Synthetic benchmark and mock model outputs. The harness logic is real and unit-tested.
Eval Gauntlet treats prompt changes the way CI treats code changes. The task under test is structured extraction: given a short infrastructure snippet, produce one security finding as strict JSON ({severity, control, evidence}). A hand-authored synthetic benchmark of 24 gold-labeled cases is scored against two static mock model output sets standing in for prompt v1 and prompt v2, seeded with the failure modes that show up in real eval work: missed findings, wrong severities, hallucinated control ids and malformed JSON (truncation, single quotes, trailing commas, prose preambles). The harness parses each output through a strict two-layer validator (syntactic JSON, then schema shape), runs four scorers (exact match, per-field precision/recall/F1, a severity-weighted score so critical cases count most, and a strict-JSON validity rate), then compares the two runs case by case to produce improved/regressed/unchanged verdicts plus aggregate deltas. The built-in comparison makes the core point of regression-aware evals: v2 lifts every aggregate while still breaking two cases that v1 got right, which only the per-case gate catches. The benchmark is synthetic by design; the parsing, scoring and comparison machinery is real, fully deterministic and covered by 27 unit tests.
- TypeScript
- React
- Next.js
- Vitest
- Strict JSON validation
- Precision / Recall / F1
Architecture · gold labels → strict parse → multi-scorer → regression gate
Gold benchmark
24 hand-authored synthetic cases: an infrastructure snippet plus the expected {severity, control, evidence} finding.
Strict parsing
Each raw model output passes two layers: syntactic JSON, then schema shape.
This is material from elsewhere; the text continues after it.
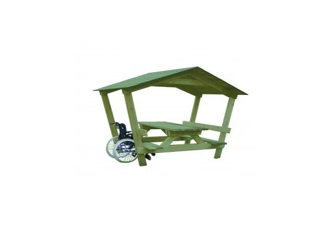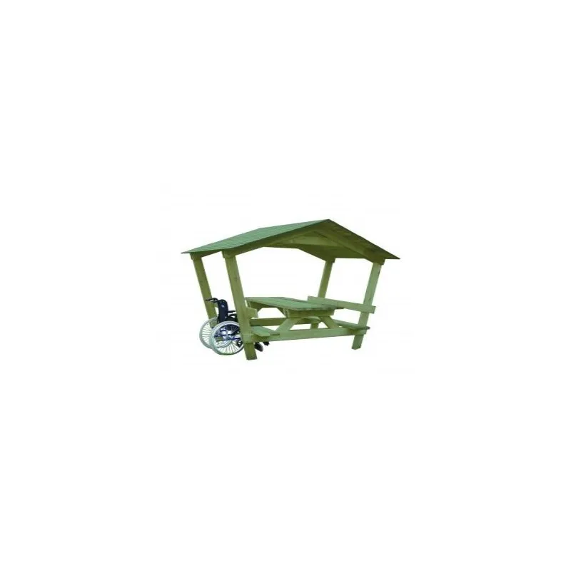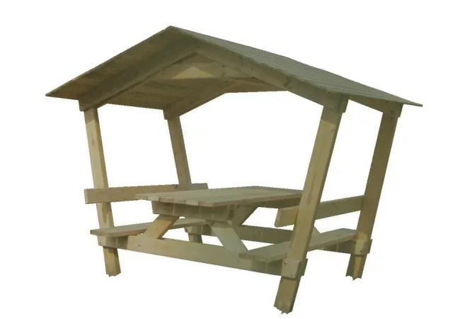 - Toutes les parties (toit, table et bancs) réalisés avec barre d'adossement solidaire
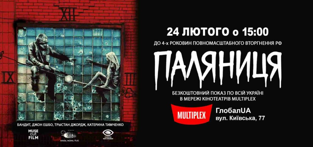 До 4-х роковин повномасштабного вторгнення рф у мережі кінотеатрів Multiplex по всій Україні відбудеться безкоштовний показ документального фільму «ПАЛЯНИЦЯ» (16+). ПАЛЯНИЦЯ / PALYANYTSIA Дата: 24 лютого 2026Початок: о 15:00 Країна: Україна, 2025 Хронометраж: 64 хв. Жанр: документальний Режисер: Кадім Тарасов, Юлія Большинська Продюсери: Катерина Тимченко, Ryan Smith Сопродюсер: Андрій Різоль Герої проєкту: Bandit (США), Tristan […]

Trailing commas, prose preambles and missing keys all fail loudly.
Multi-scorer
Exact match, per-field precision/recall/F1, severity-weighted accuracy and strict-JSON validity, computed per run.
Regression gate
Prompt v1 vs v2 compared case by case into improved/regressed/unchanged verdicts, so a better aggregate cannot hide broken cases.
- Gold-labeled cases
- 24
- Scorers
- 4
- Mock outputs scored
- 48 (24 × 2 prompts)
- Unit tests
- 27 passing